День Кропилева крутился с нарастанием темпа. От приятного утреннего анданте — до буйного вечернего аллегро!
Утром он стоял около «сдироскопа» с копировщицей Наташей и чувствовал на себе ее томный, нахальный взгляд, чувствовал ее легкие прикосновения, осознавал в себе желание и понимал, какие простые, пастушеские радости она может ему принести. Это бывает с молодыми начальниками, когда у них в подчинении симпатичные девушки.
В середине дня Кропилева закрутило, он бегал на завод, где в отсутствие энергетика Куськина застопорился ленточный конвейер. Как будто Кропилев мог помочь этой машине! Он прибежал в цех, поругался с тамошним начальником и вернулся в контору. Но суета не отпускала. К нему приходили, с него спрашивали, у него просили… Он кричал, он приказывал, он руководил и устал. А в пять часов была сыграна финальная сцена.

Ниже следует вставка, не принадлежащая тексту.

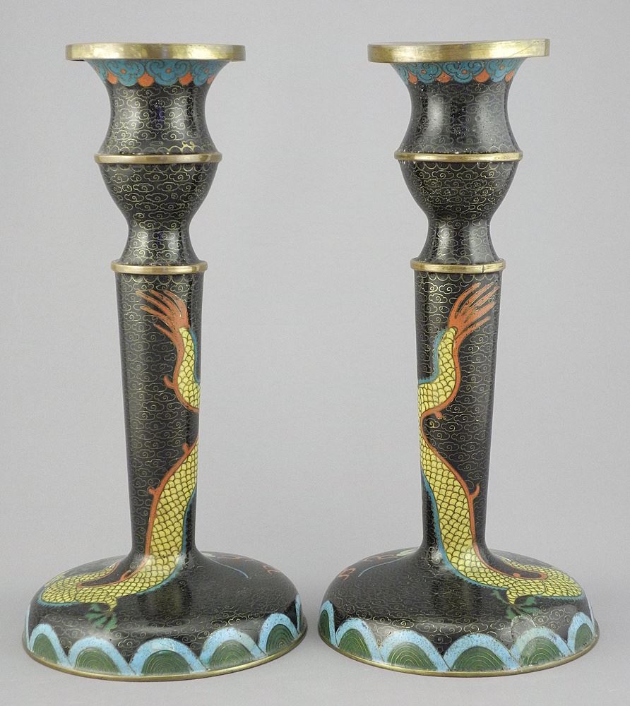 Pair of Chinese Cloisonne Candlesticks C.1910, 9 3/4"h.

В кабинет влетела, ворвалась Валечка — секретарша директора.
— Андрей Константинович, вас срочно, срочно к самому, — она задыхалась не то от бега, не то от восторга.
— Что случилось?
— Ой, срочно, там такое… — и она закатила глазки вверх, — о Боже, и сказать невозможно, такое творится, товарищ Сидоркин…
— Что товарищ Сидоркин?
— Попался Сидоркин.
Они мчались по коридору заводоуправления, и Валечка шептала, захлебываясь:
— Попался, попался наш товарищ Сидоркин, Степан Васильевич ему голову оторвет, точно, сейчас сами все узнаете.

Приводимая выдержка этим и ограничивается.